Наконец слово взял обер-прокурор Вернц, и было заметно, что он изрядно раздражен.
— В общем, суммирую сказанное, — промямлил он. — Во-первых, у нас нет никаких оснований предполагать, что смерть господина Нассмана наступила в результате внешнего воздействия. Во-вторых, ряд фактов говорит о том, что он является виновником смерти Рони Дан; например, мы обнаружили в его квартире снотворное, которым была напичкана девушка. Далее будет произведено более детальное обследование места кончины пастора. Его личная жизнь отличалась некоторой сексуальной распущенностью, об этом уже замечательно и детально поведал доктор Зельтманн…
— Благодарю вас, господин Вернц, за ложку меда в бочке дегтя!
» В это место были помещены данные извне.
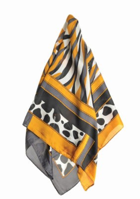 On Safari - Grey, Black & Mustard Silk/Poly Scarf

В зале уже открыто смеялись.
— В-третьих, мы располагаем письмом Рони, которое вместе со свидетельством ее гинеколога заставляет предположить, что девушка — по каким-то там причинам — опасалась, что беременна. В этом случае Нассману грозили скандал и потеря места службы. К сожалению, таких вещей часто хватает для того, чтобы совершить роковой шаг, и дилетантские попытки представить убийство как изнасилование только подтверждают это.
— Три ноль, — кивнул Тойер. Что же не нравилось ему в этом счете? Уж точно не то, что час Зельтманна, кажется, пробил, время его истекло. Прыжок, победа, конец.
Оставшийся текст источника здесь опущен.